U.S. House Speaker Nancy Pelosi endorsed a modified North American trade pact Tuesday, declaring it is a significant improvement over the original North American Free Trade Agreement and over the first proposal from the White House.
"There is no question, of course, that this trade agreement is much better than NAFTA," Pelosi said at a Capitol Hill news conference announcing the deal. "It is infinitely better than what was initially proposed by the administration."
The agreement was made possible after congressional Democrats and the White House agreed on final terms, ending more than two years of talks that also included Canada and Mexico.

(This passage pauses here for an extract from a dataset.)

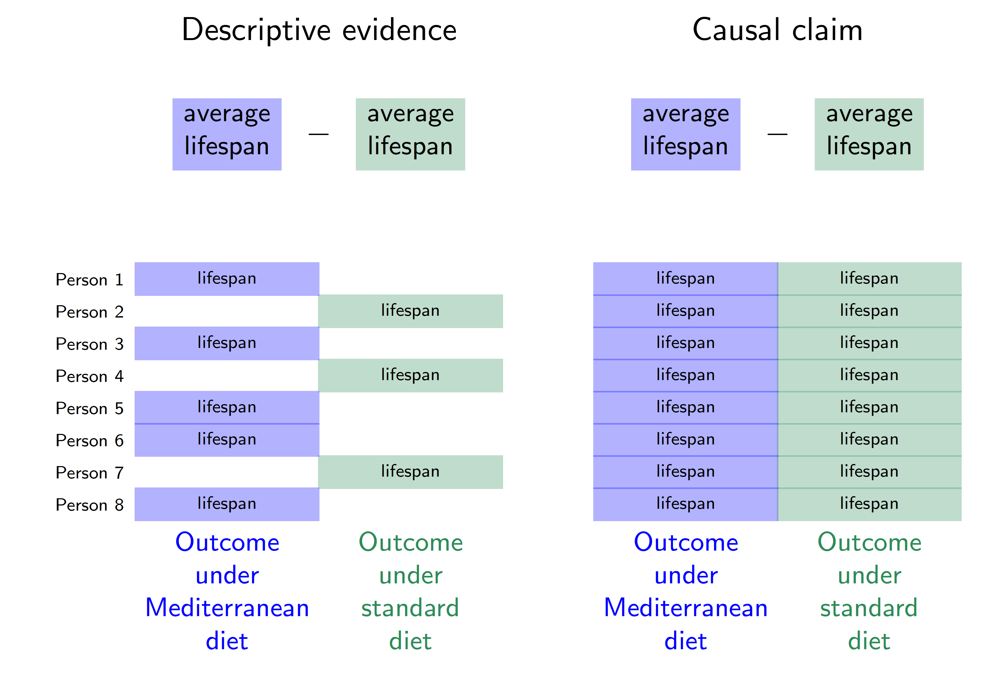 In this hypothetical example, each row corresponds to a person. Person 1 follows a Mediterranean diet and is observed to have a lifespan indicated in blue. Person 2 does not follow a Mediterranean diet and is observed to have a lifespan indicated in green. The descriptive evidence is that lifespans are longer among those eating a Mediterranean diet (blue outcomes on the left) compared with those eating standard diets (green outcomes on the left).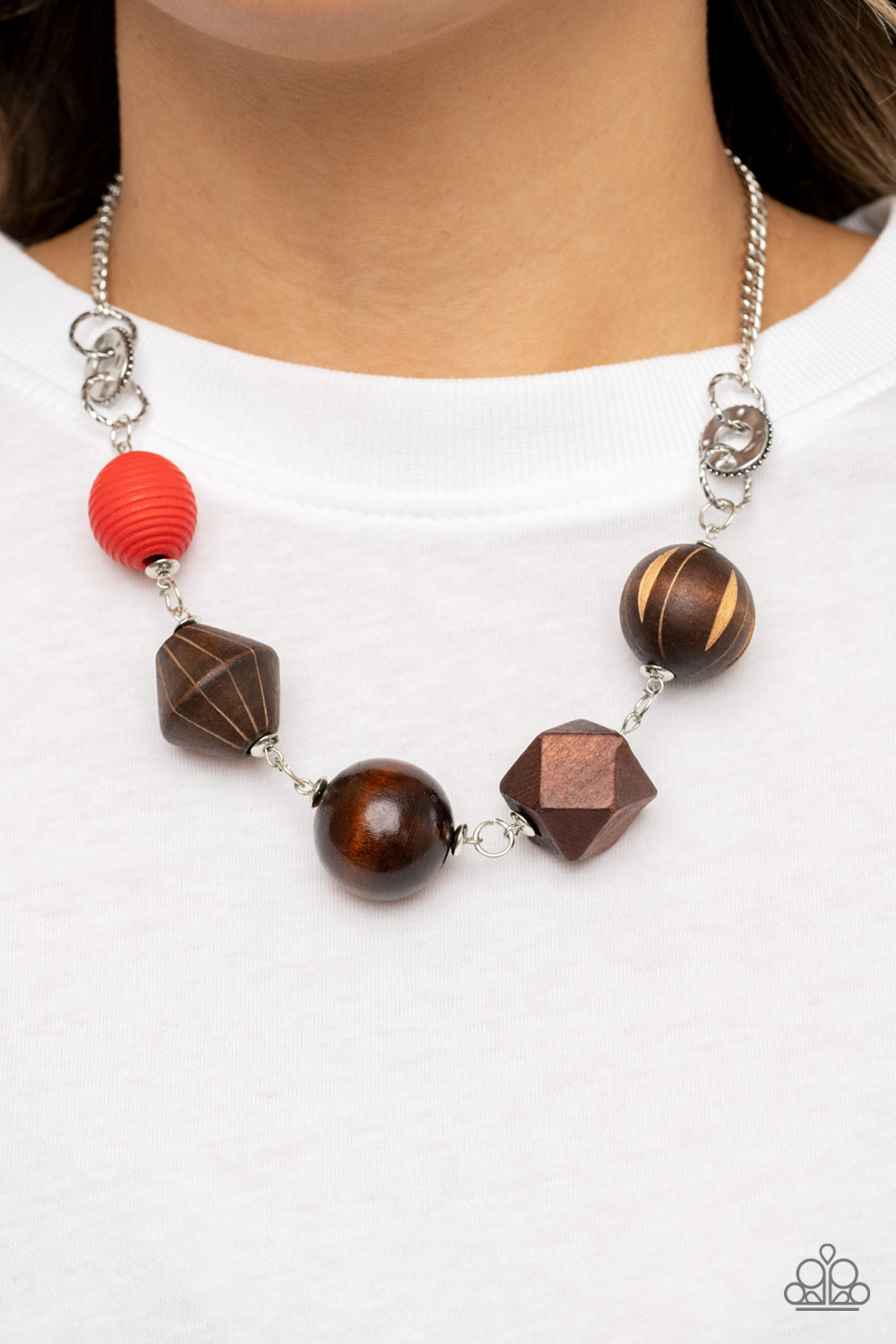 Infused with a solitaire red wooden bead, a mismatched assortment of studded silver hoops, textured silver rings, and oversized brown wooden beads delicately connect across the chest for a stylishly handcrafted fashion. Features an adjustable clasp closure.

Pelosi and many other Democrats have long lambasted the original NAFTA accord, particularly the extensive trade-related job losses in the U.S. manufacturing sector.
U.S. President Donald Trump noted on Twitter Tuesday his trade pact apparently received "very good Democrat" support and that the agreement "will be the best and most important trade deal ever made by the USA."
"Importantly," Trump continued, "we will finally end our Country's worst Trade Deal, NAFTA!"
As Republican leaders and lawmakers pushed Pelosi on the issue for months, Pelosi held extensive talks with the Trump administration to win stronger enforcement provisions, an apparently successful effort to win Democratic support.
She also painstakingly worked to get the support of labor, including an endorsement from the AFL-CIO, which is critical to getting congressional approval.
"For the first time, there truly will be enforceable labor standards," including a process allowing for inspections of factories, said AFL-CIO President Richard Trumka.
Weeks of negotiations, closely watched by Democratic labor allies, bought lawmakers and administration officials together.
The deal represents a significant victory for Trump who campaigned for the presidency on a promise to renegotiate or abolish NAFTA.
When a reporter asked at the news conference why she would give Trump a political victory, Pelosi responded, "We are declaring victory for the American worker."
NAFTA killed most tariffs and other trade barriers involving the U.S., Canada and Mexico.
The original NAFTA divided Democrats, but the new United States-Mexico-Canada Agreement (USMCA) is more protectionist and labor-friendly, indicating it may be more palatable to the Democratic Party.
An unlikely coalition of critics consisting of Trump, labor unions and many Democratic legislators considered NAFTA a job killer for the U.S. because it encouraged U.S. factories to relocate to Mexico to capitalize on the country's low-wage workers.
The proposed USMCA deal contains provisions designed to lure manufacturers back to the U.S.
It also includes updated labor regulations and more stringent enforcement provisions to hold Mexican companies more accountable on labor.
Officials from the U.S., Canada and Mexico met in Mexico Tuesday to discuss the new deal.
It requires U.S. congressional approval before it is ratified.